→ WHAT YOU WILL DO
Nothing but the text of the listing, repeated exactly, belongs in the answer; leave the images out.

── DATA TO USE ──

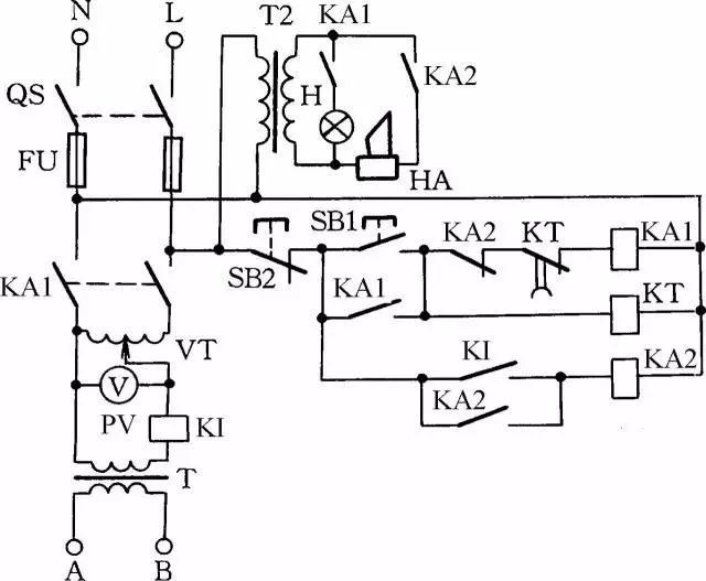 工作原理:闭合S后,按下按钮SB1,变压器得电输出36V低电压,使得继电器或交流接触器KA吸合。放松按钮SB1后,KA自锁触点使KA保持吸合,继续给变压器接通电源。https://www.dgdqw.com/wk/44590-1.html如果变压器次级发生短路故障,继电器线圈电压为零,此时KA便失电释放,将变压器电源断开,保护变压器不被破坏。
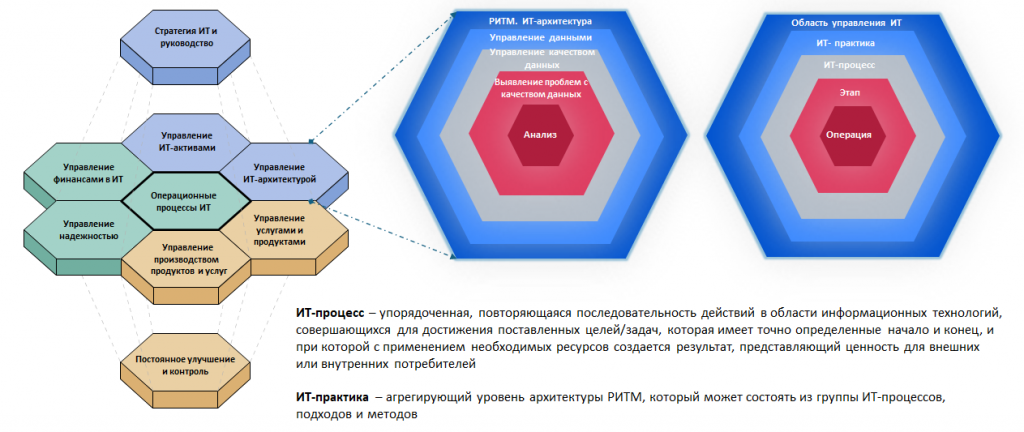 РИТМ – это совокупность методологий, бизнес-процессов и описаний, которые создаются совместно с различными авторами. Он разделен на области управления. В основе лежит базовое описание того, что необходимо для управления информационными технологиями. Далее следуют области стратегического, тактического и оперативного управления, а также непрерывного совершенствования.
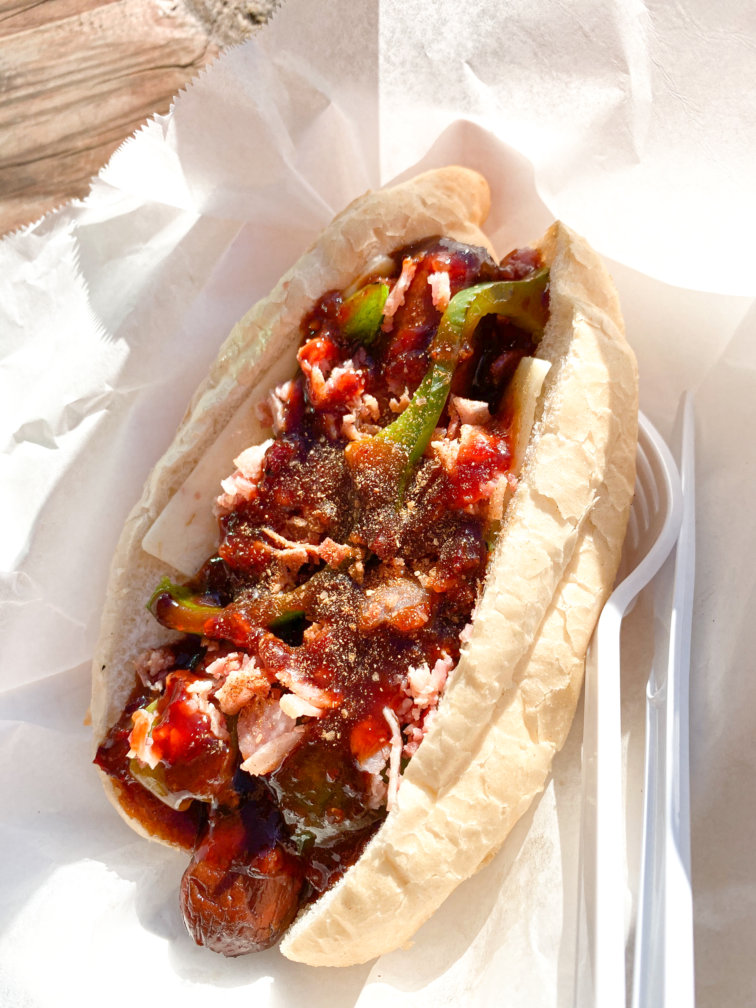 I ordered the Bacon Bacon Jamaican hot dog meal. The meal comes with chips and a drink and the hot dog is topped with sliced crisp bacon, pepper jack cheese, jerk seasoning, bell peppers and sweet chipotle sauce. Ya’ll…. π©ππ½
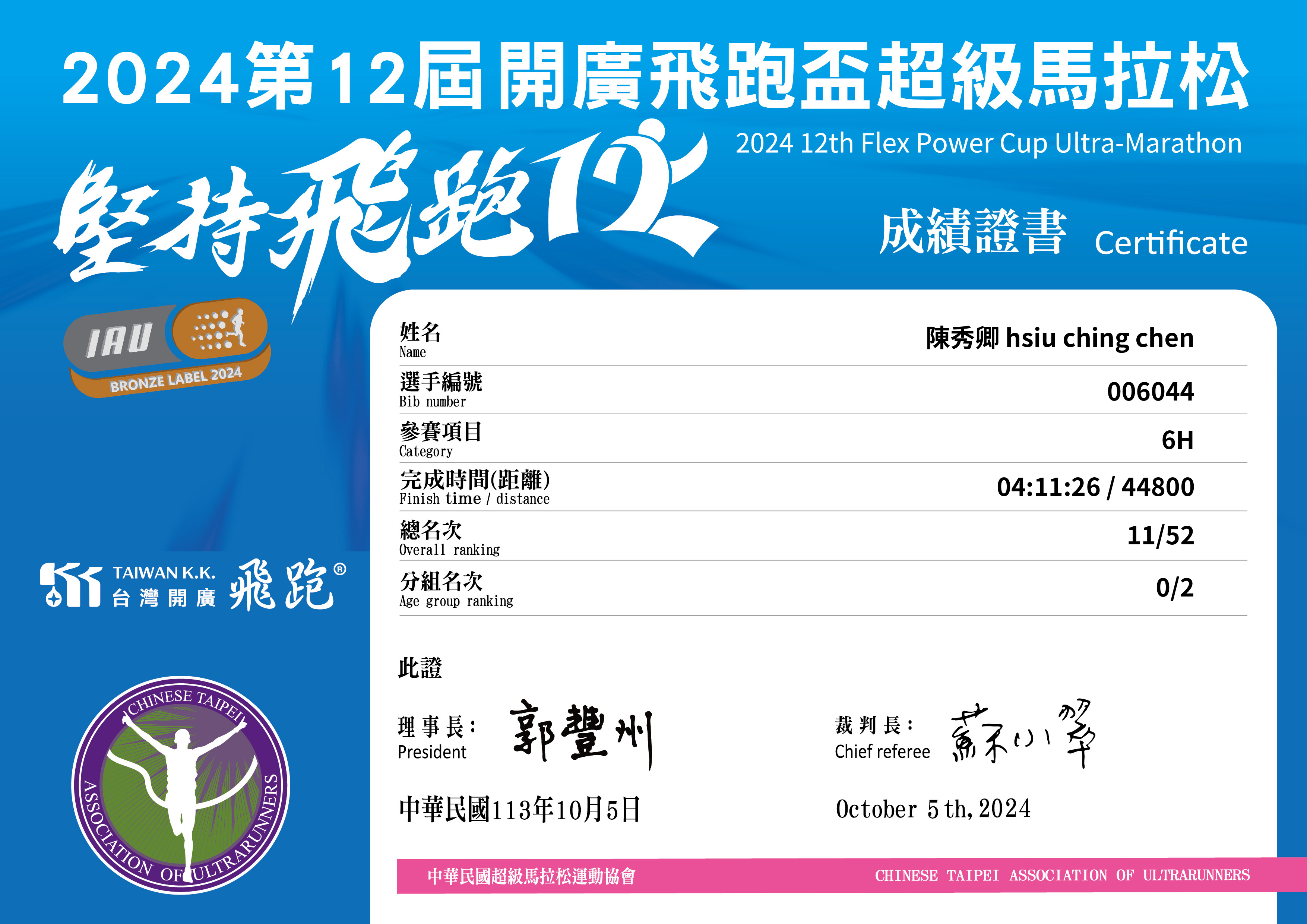 - 即時成績排名僅供參考,正式成績排名應以主辦單位公告為準。
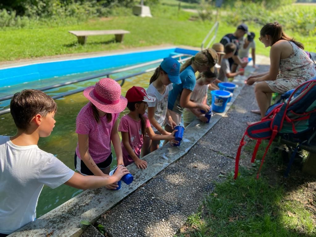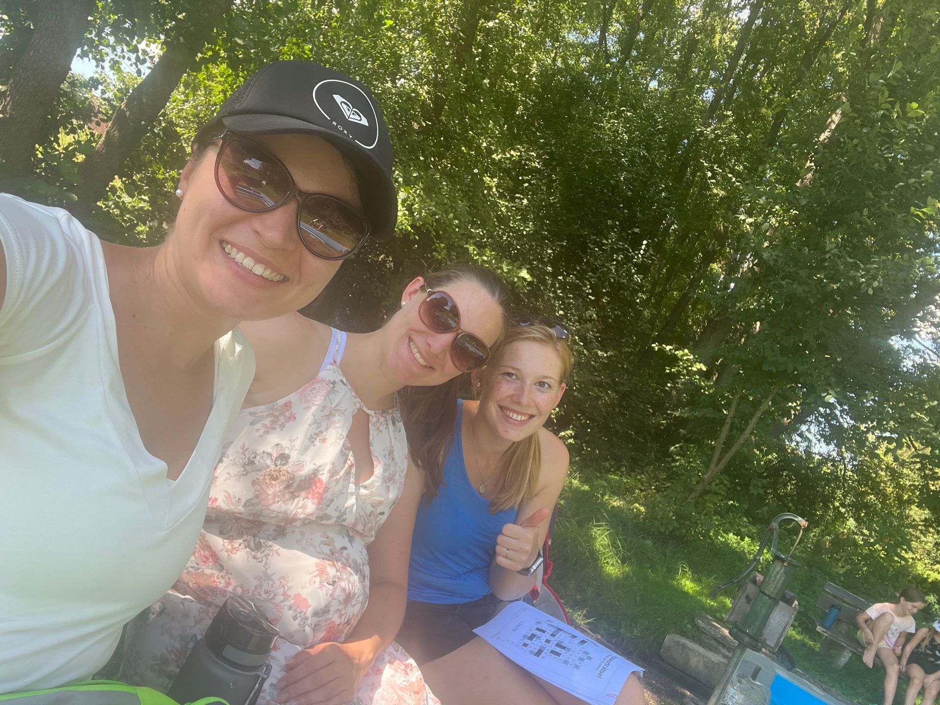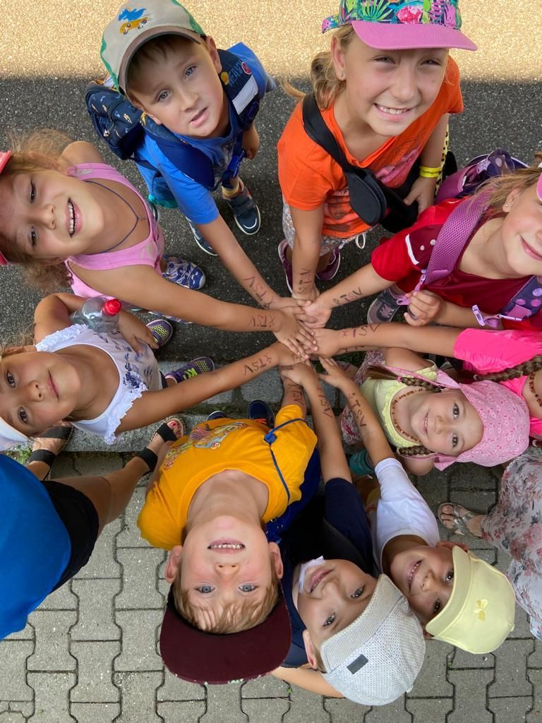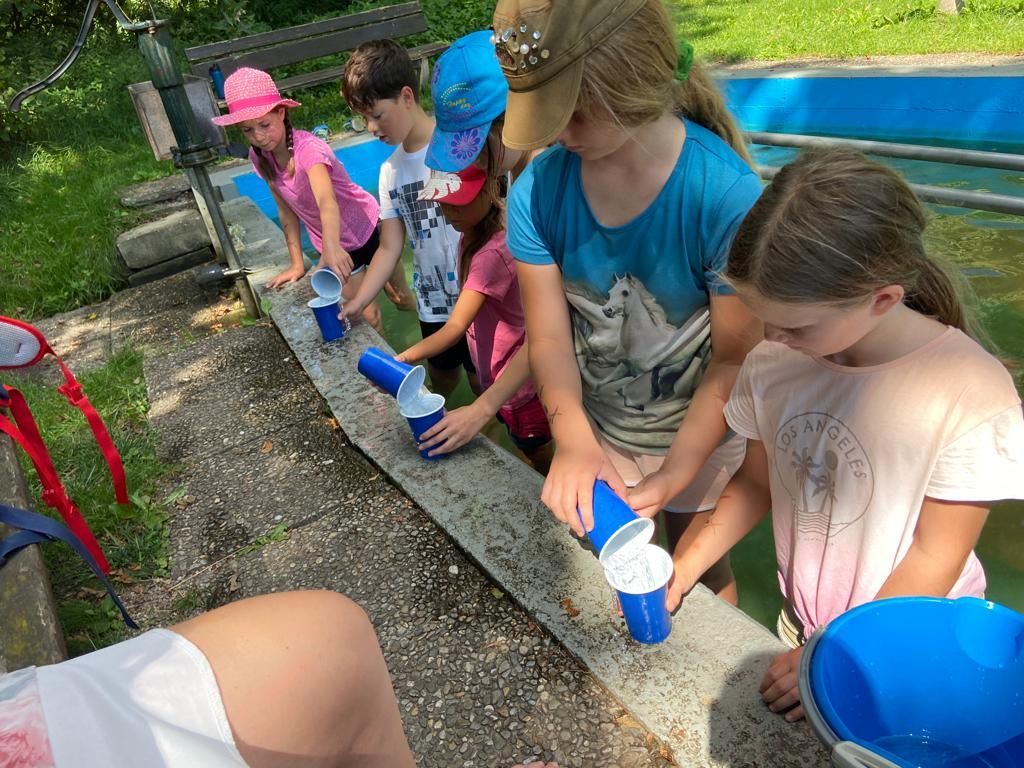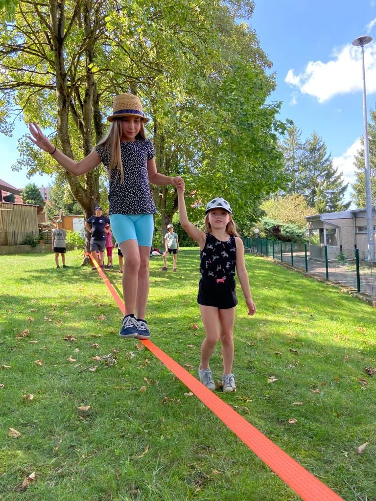 Bei fast 35 Grad folgten die Teilnehmer den Pfeilen und freuten sich wahnsinnig über die ersehnte Abkühlung. Mit einem Becher-Schütt-Wettbewerb im Kneipbecken kam ein lustiger Wettkampfcharakter auf. Nach dem Lösen eines Kreuzworträtsels und dem Folgen der Pfeile auf dem Weg gelangten die Kinder durch einen weiteren Fußmarsch zur letzten Übungsstation, dem „Gummi-Twist“. In einer Seitenstraße hinter dem Spielplatz studierten die Kinder lustige Hüpfsprüche ein, die den letzten Teil ihres Haut-Tattoos ergaben. Die Lösung eines Buchstabensalates führte die Kinder zum Spielplatz, wo Sie die verdiente Belohnung, ein Eis, erwartete.
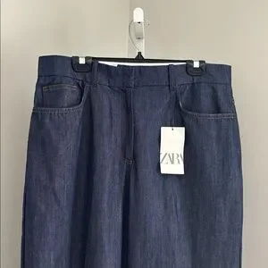Zara Dark Blue Denim Wide-Leg Trouser High Waist Jeans Women’s Size 12
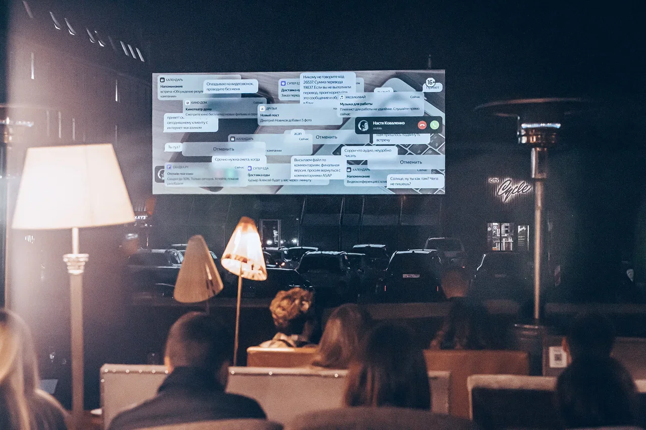 В итоге нужное место мы нашли на дизайн-заводе «Флакон». На площадке мы организовали кинотеатр и мини-бар, чтобы гости провели время с комфортом. В итоге люди могли общаться и выпивать либо смотреть фильмы, не выходя из машины.
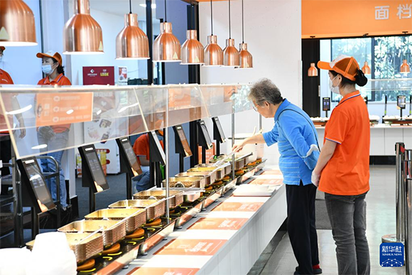 11月1日,75歲的陳鳳基(右二)在福田區益田社區數字食堂自助取餐。老人們通過小程序進行用戶注冊后,就餐時可實現通過AI人臉識別、自助稱重計價、即時無感支付。新華社記者 梁旭 攝
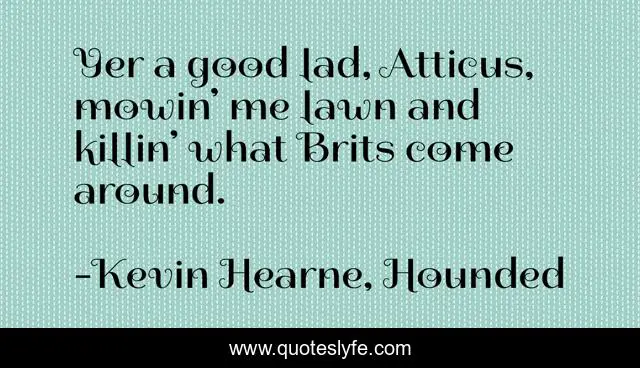 "Kevin Hearne, Hounded Quotes." Quoteslyfe.com, 2025. Tue. 09 Dec. 2025. <https://www.quoteslyfe.com/quote/Yer-a-good-lad-Atticus-mowin-me-20789>.

───

→ SOLUTION TO THE EXERCISE
 工作原理:闭合S后,按下按钮SB1,变压器得电输出36V低电压,使得继电器或交流接触器KA吸合。放松按钮SB1后,KA自锁触点使KA保持吸合,继续给变压器接通电源。https://www.dgdqw.com/wk/44590-1.html如果变压器次级发生短路故障,继电器线圈电压为零,此时KA便失电释放,将变压器电源断开,保护变压器不被破坏。
 РИТМ – это совокупность методологий, бизнес-процессов и описаний, которые создаются совместно с различными авторами. Он разделен на области управления. В основе лежит базовое описание того, что необходимо для управления информационными технологиями. Далее следуют области стратегического, тактического и оперативного управления, а также непрерывного совершенствования.
 I ordered the Bacon Bacon Jamaican hot dog meal. The meal comes with chips and a drink and the hot dog is topped with sliced crisp bacon, pepper jack cheese, jerk seasoning, bell peppers and sweet chipotle sauce. Ya’ll…. π©ππ½
 - 即時成績排名僅供參考,正式成績排名應以主辦單位公告為準。
 Bei fast 35 Grad folgten die Teilnehmer den Pfeilen und freuten sich wahnsinnig über die ersehnte Abkühlung. Mit einem Becher-Schütt-Wettbewerb im Kneipbecken kam ein lustiger Wettkampfcharakter auf. Nach dem Lösen eines Kreuzworträtsels und dem Folgen der Pfeile auf dem Weg gelangten die Kinder durch einen weiteren Fußmarsch zur letzten Übungsstation, dem „Gummi-Twist“. In einer Seitenstraße hinter dem Spielplatz studierten die Kinder lustige Hüpfsprüche ein, die den letzten Teil ihres Haut-Tattoos ergaben. Die Lösung eines Buchstabensalates führte die Kinder zum Spielplatz, wo Sie die verdiente Belohnung, ein Eis, erwartete.
Zara Dark Blue Denim Wide-Leg Trouser High Waist Jeans Women’s Size 12
 В итоге нужное место мы нашли на дизайн-заводе «Флакон». На площадке мы организовали кинотеатр и мини-бар, чтобы гости провели время с комфортом. В итоге люди могли общаться и выпивать либо смотреть фильмы, не выходя из машины.
 11月1日,75歲的陳鳳基(右二)在福田區益田社區數字食堂自助取餐。老人們通過小程序進行用戶注冊后,就餐時可實現通過AI人臉識別、自助稱重計價、即時無感支付。新華社記者 梁旭 攝
 "Kevin Hearne, Hounded Quotes." Quoteslyfe.com, 2025. Tue. 09 Dec. 2025. <https://www.quoteslyfe.com/quote/Yer-a-good-lad-Atticus-mowin-me-20789>.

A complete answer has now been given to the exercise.